Your instructions>
Each line below from the line with "壘石(久米島) 遍布在奧武島" to the line with "小學課程主任學習社群 STEAM 教育支援計劃" must be copied exactly, including those two, and no picture may appear in the copy.

******************************

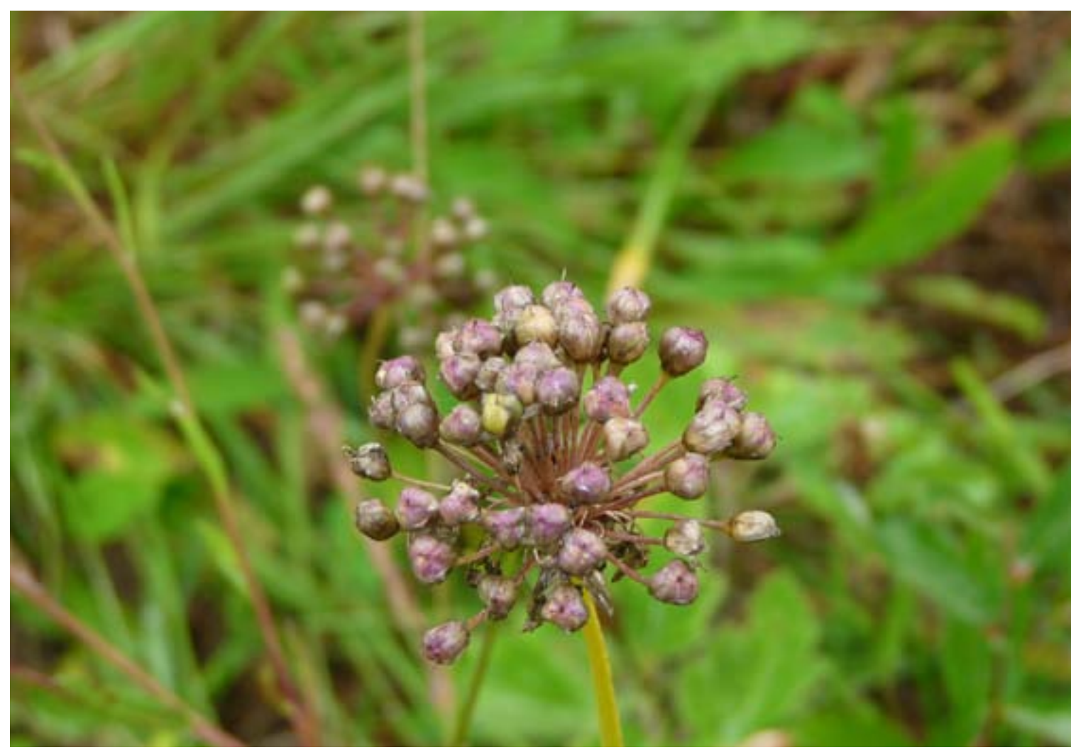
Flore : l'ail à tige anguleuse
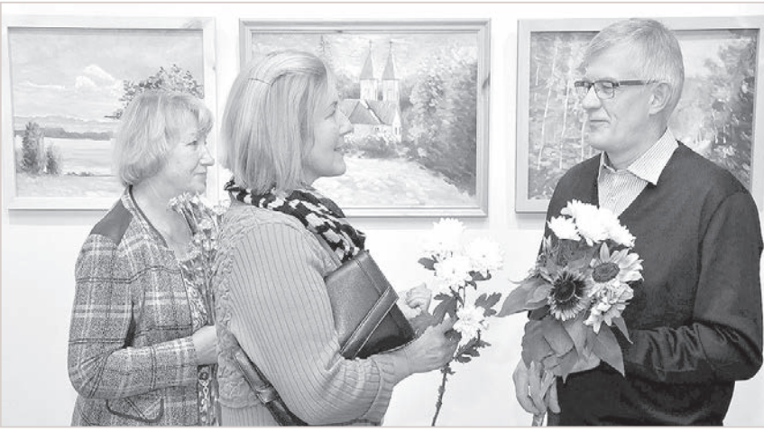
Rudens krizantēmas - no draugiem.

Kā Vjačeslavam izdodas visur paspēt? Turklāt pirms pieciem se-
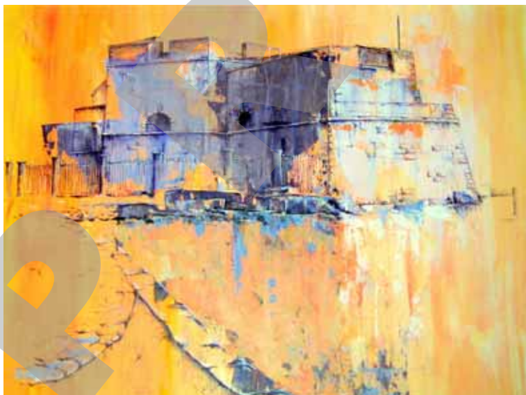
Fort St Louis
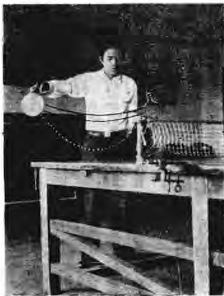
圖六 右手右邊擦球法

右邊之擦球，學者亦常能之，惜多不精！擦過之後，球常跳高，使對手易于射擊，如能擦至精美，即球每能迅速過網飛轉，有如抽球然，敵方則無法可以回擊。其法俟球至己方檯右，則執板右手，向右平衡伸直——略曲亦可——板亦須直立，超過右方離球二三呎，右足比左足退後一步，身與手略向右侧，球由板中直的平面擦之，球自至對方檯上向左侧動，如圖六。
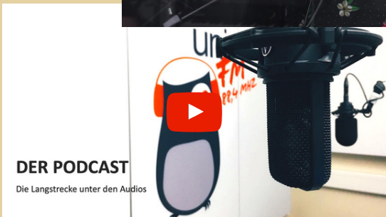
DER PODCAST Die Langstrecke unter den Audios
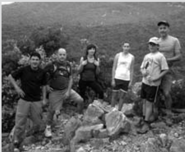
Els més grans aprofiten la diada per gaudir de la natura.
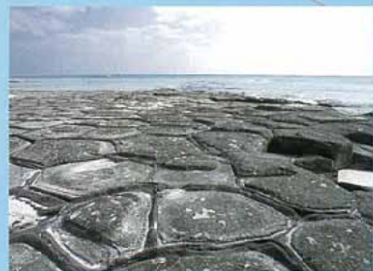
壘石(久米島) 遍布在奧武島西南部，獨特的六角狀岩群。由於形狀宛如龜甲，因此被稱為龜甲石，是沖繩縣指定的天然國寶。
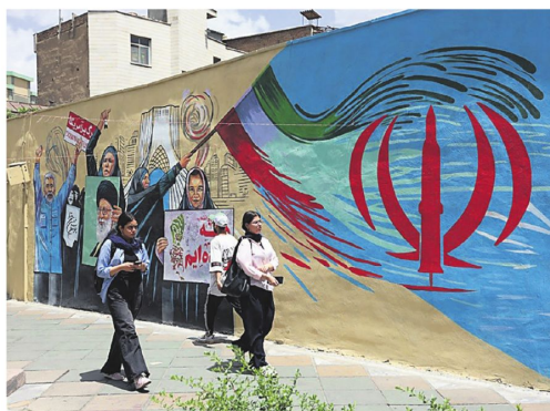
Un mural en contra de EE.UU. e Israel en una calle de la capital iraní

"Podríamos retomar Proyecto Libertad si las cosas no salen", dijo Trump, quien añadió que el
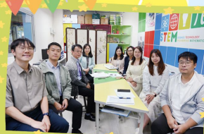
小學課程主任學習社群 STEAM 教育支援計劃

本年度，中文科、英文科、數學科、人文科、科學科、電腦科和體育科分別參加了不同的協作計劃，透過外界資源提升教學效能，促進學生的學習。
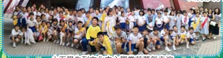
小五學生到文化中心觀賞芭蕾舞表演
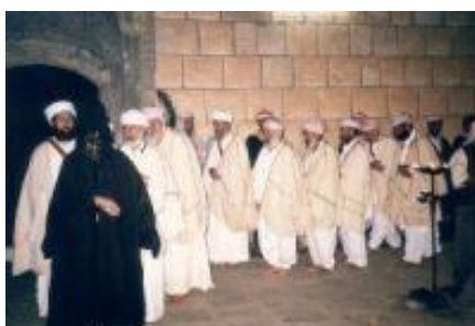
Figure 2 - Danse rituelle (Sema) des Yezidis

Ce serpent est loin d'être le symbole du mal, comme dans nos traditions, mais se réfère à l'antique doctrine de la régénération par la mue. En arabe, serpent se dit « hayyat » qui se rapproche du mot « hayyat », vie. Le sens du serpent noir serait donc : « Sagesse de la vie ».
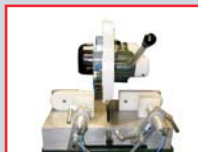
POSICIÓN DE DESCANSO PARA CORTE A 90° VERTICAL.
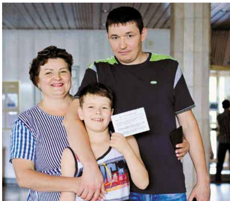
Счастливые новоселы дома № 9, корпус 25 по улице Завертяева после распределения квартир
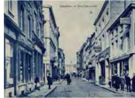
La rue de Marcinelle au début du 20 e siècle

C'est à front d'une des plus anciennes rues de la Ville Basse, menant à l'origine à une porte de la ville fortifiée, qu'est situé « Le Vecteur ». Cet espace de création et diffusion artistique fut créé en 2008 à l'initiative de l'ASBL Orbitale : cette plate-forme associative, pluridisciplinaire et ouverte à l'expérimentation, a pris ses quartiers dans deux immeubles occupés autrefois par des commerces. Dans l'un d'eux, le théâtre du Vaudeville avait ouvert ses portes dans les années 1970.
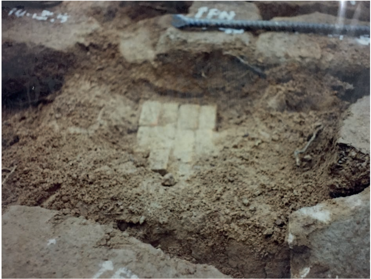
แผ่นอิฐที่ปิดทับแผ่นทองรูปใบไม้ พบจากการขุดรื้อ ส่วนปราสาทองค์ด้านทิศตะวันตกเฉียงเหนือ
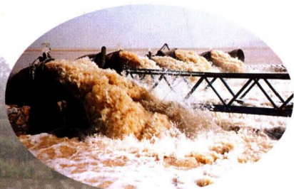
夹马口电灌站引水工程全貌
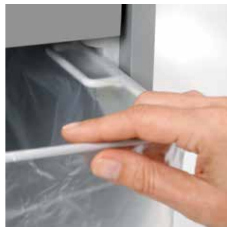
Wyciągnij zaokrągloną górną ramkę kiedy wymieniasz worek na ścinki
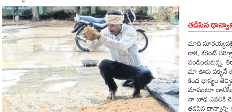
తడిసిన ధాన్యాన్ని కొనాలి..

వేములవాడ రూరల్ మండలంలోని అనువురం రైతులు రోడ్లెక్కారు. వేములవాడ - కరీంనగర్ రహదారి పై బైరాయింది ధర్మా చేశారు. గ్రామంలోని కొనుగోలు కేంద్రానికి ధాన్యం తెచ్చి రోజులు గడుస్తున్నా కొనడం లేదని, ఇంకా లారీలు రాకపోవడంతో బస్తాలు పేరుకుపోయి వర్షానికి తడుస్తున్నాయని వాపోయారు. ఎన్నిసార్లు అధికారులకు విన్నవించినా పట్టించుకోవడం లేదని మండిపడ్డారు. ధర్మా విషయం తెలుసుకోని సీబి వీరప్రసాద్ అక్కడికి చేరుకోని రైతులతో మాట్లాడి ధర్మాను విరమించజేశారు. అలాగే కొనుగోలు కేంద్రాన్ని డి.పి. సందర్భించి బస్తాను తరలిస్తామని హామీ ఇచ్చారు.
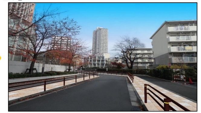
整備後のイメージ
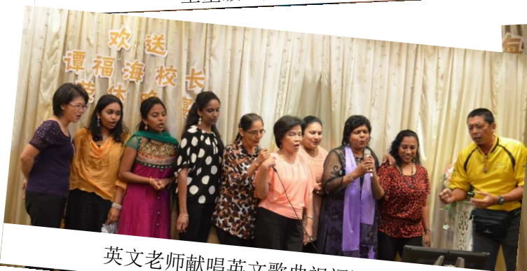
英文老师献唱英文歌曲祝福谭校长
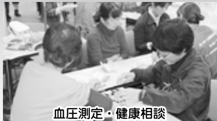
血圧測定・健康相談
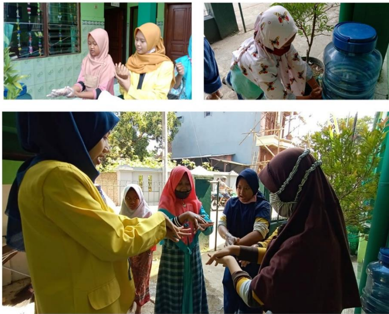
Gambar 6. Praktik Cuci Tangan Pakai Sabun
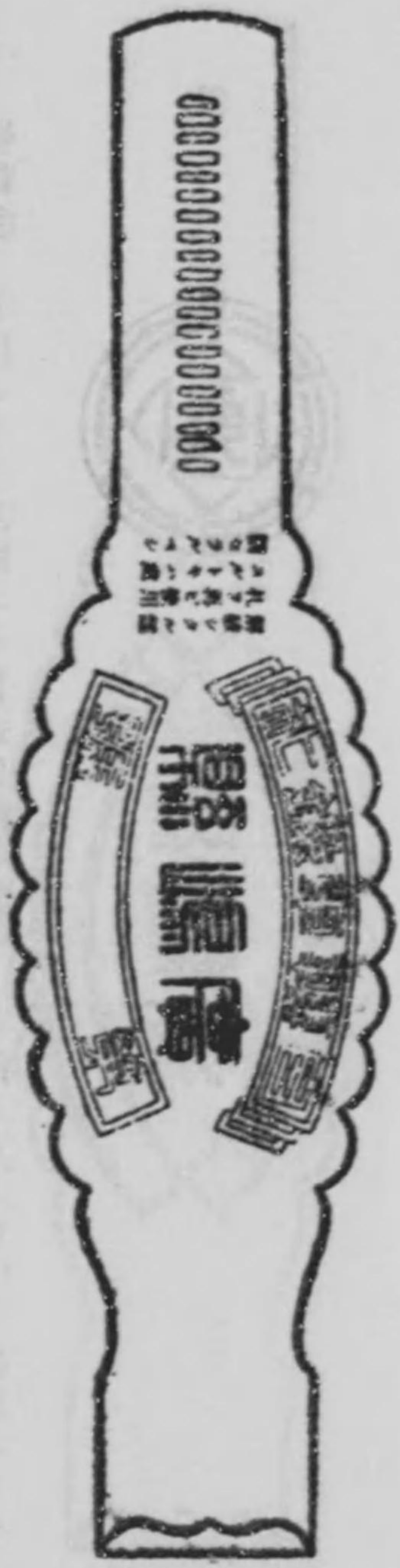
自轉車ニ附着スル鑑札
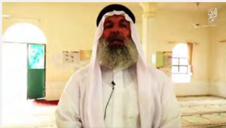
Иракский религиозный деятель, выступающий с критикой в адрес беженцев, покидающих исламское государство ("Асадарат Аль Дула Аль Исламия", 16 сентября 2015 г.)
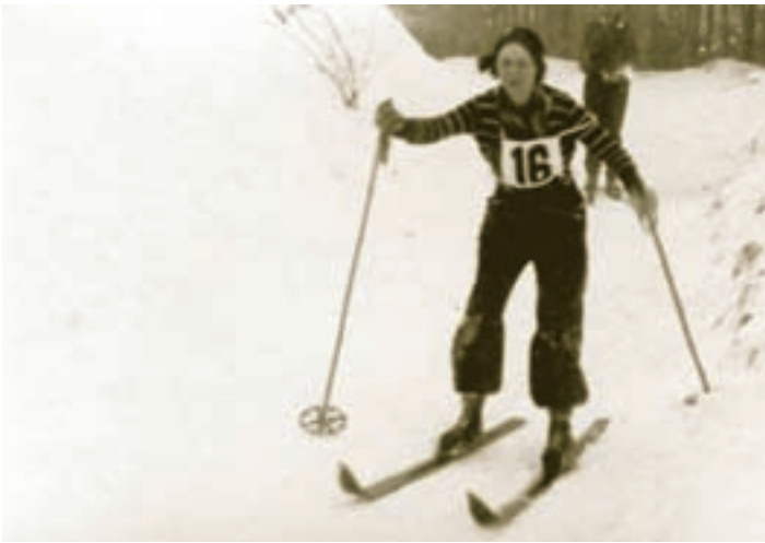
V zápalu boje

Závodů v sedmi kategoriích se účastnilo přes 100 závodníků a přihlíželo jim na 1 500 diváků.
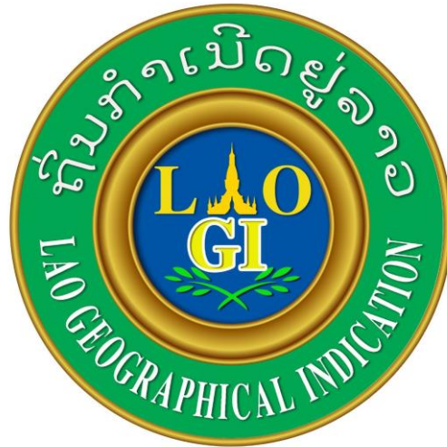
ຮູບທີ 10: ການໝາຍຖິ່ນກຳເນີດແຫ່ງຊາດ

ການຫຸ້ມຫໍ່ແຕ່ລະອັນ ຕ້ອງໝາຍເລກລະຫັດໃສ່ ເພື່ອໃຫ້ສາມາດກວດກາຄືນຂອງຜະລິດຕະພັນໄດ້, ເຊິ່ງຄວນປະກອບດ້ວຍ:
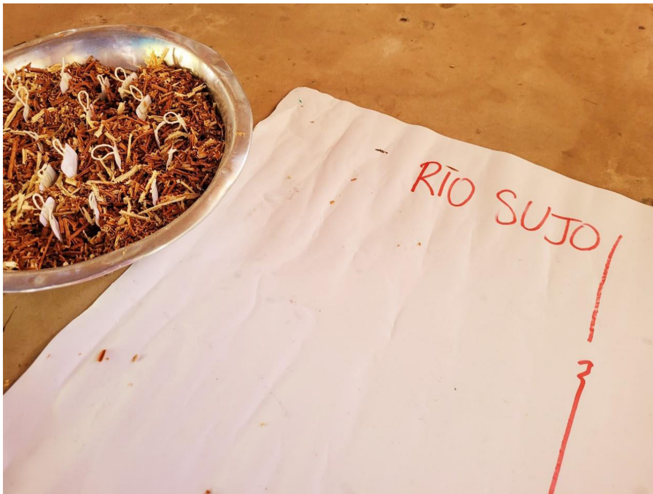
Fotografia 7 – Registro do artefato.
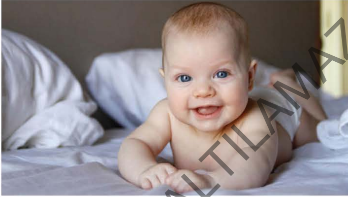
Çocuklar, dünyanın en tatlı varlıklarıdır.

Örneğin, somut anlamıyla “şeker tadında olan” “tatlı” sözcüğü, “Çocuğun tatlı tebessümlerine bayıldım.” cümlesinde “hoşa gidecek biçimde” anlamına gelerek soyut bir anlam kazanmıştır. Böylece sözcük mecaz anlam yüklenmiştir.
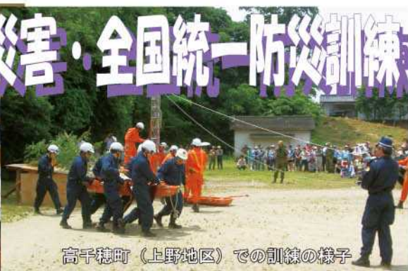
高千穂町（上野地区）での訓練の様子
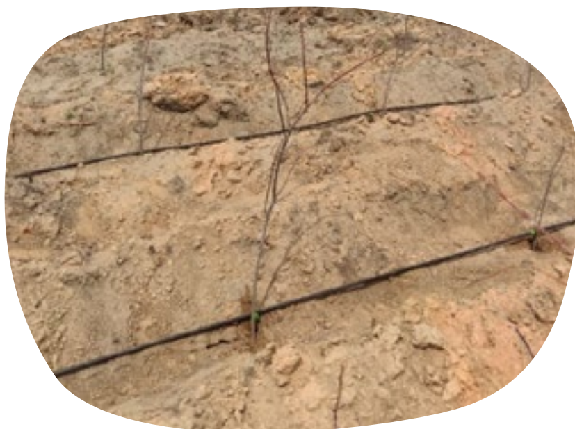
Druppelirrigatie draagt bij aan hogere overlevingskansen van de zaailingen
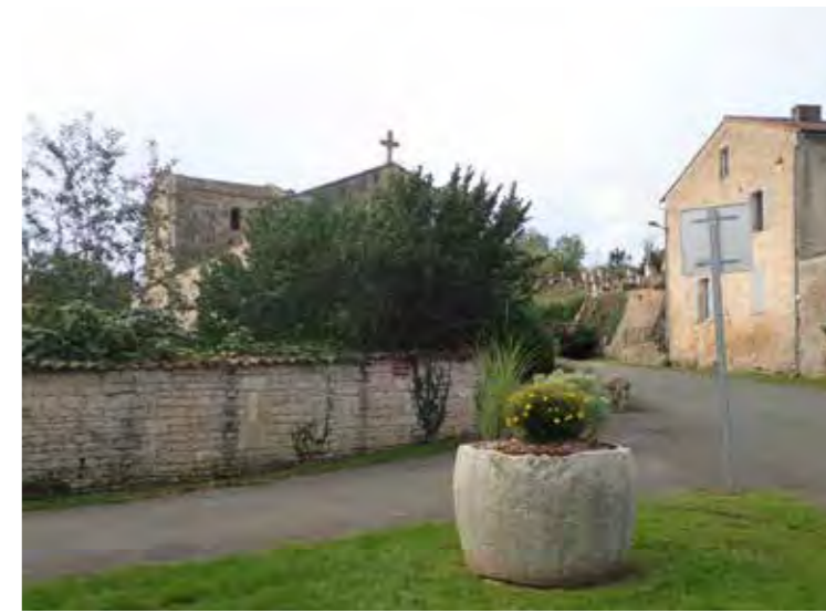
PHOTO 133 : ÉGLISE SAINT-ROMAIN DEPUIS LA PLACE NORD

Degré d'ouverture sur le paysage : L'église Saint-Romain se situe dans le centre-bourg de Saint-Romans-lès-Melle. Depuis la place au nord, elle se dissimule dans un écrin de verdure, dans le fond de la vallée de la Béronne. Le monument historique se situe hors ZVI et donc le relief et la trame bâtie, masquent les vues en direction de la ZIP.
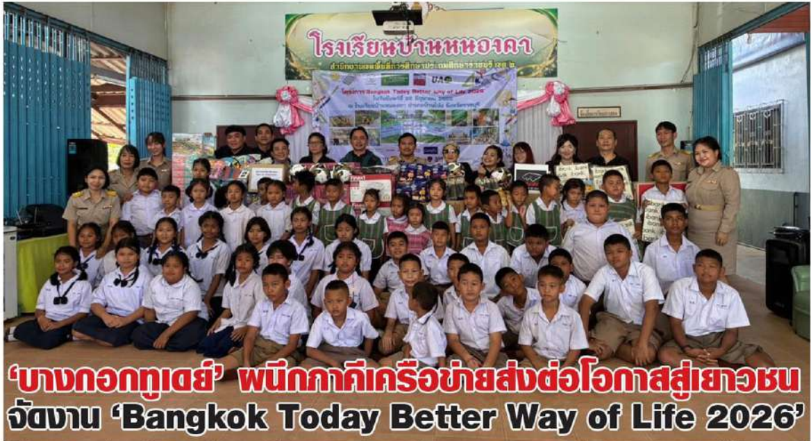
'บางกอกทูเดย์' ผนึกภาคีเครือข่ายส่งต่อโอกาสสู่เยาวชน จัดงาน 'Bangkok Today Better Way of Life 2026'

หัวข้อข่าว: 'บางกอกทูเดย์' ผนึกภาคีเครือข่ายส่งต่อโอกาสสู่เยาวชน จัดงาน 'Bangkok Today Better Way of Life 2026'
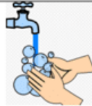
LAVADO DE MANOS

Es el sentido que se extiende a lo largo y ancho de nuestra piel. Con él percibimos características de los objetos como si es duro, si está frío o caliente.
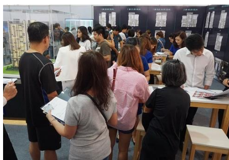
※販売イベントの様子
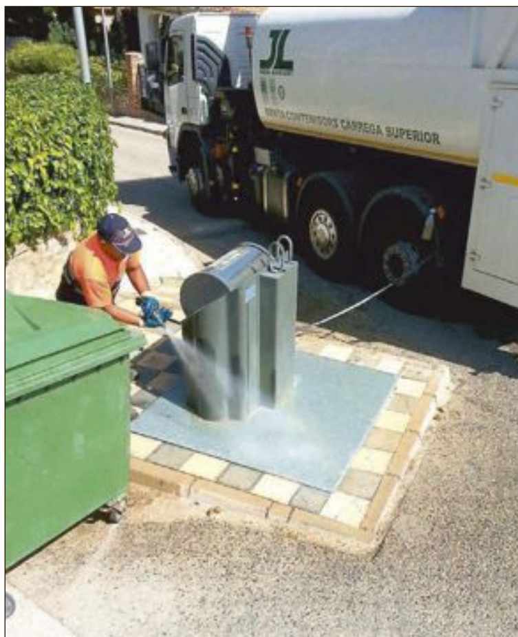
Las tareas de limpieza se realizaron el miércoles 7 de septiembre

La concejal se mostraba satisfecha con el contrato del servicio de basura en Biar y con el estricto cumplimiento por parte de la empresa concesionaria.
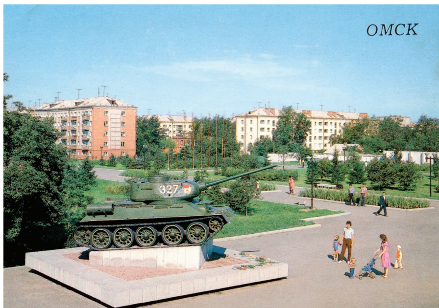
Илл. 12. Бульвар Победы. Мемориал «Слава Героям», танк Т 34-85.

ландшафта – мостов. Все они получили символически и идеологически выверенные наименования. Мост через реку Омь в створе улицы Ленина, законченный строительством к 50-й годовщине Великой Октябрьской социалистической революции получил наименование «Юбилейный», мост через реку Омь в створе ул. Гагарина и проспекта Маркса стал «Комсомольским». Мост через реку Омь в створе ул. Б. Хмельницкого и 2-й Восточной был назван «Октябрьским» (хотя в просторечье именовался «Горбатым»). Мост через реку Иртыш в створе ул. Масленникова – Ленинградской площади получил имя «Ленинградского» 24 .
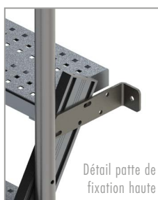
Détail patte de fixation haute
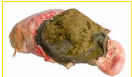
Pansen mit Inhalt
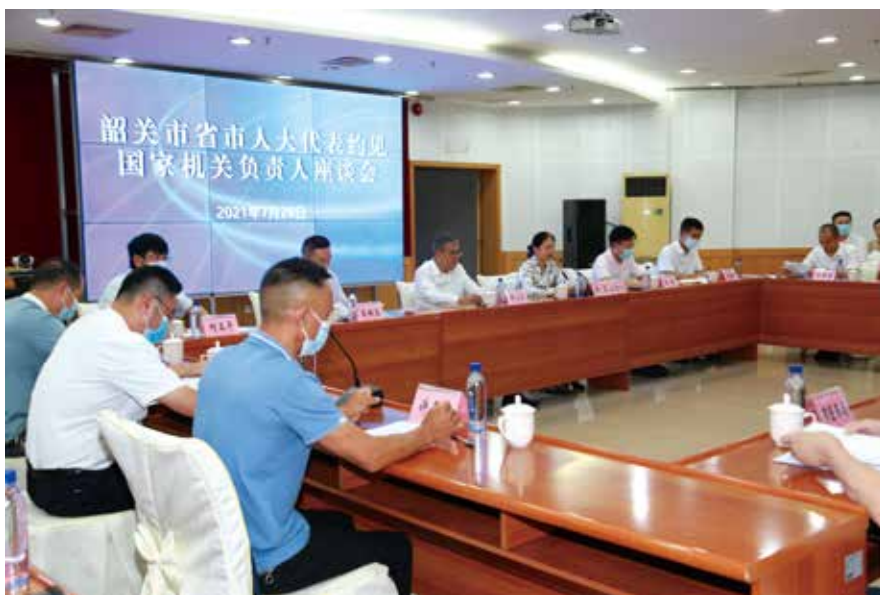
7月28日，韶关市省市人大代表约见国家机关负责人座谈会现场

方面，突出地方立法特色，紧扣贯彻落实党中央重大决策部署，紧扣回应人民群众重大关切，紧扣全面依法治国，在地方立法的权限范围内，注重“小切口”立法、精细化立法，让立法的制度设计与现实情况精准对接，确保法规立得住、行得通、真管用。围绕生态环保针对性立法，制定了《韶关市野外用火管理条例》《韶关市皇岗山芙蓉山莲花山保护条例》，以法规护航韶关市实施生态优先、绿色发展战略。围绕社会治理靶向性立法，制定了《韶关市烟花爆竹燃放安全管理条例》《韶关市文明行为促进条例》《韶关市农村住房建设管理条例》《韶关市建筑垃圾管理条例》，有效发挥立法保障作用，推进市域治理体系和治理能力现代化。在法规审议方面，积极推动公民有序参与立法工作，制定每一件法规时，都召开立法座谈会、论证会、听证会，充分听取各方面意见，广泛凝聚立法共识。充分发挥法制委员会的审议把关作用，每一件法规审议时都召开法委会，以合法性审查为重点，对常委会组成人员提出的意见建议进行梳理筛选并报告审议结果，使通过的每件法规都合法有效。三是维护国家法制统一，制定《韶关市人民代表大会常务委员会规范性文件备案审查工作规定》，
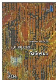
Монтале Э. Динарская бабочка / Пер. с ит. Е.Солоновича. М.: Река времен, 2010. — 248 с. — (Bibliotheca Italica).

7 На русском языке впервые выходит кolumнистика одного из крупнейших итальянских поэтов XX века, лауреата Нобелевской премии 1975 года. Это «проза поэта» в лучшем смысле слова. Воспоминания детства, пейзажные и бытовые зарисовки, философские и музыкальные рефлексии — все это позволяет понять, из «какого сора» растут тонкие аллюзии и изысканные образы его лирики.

******************************

Exercise solution>
壘石(久米島) 遍布在奧武島西南部，獨特的六角狀岩群。由於形狀宛如龜甲，因此被稱為龜甲石，是沖繩縣指定的天然國寶。
Un mural en contra de EE.UU. e Israel en una calle de la capital iraní

"Podríamos retomar Proyecto Libertad si las cosas no salen", dijo Trump, quien añadió que el
小學課程主任學習社群 STEAM 教育支援計劃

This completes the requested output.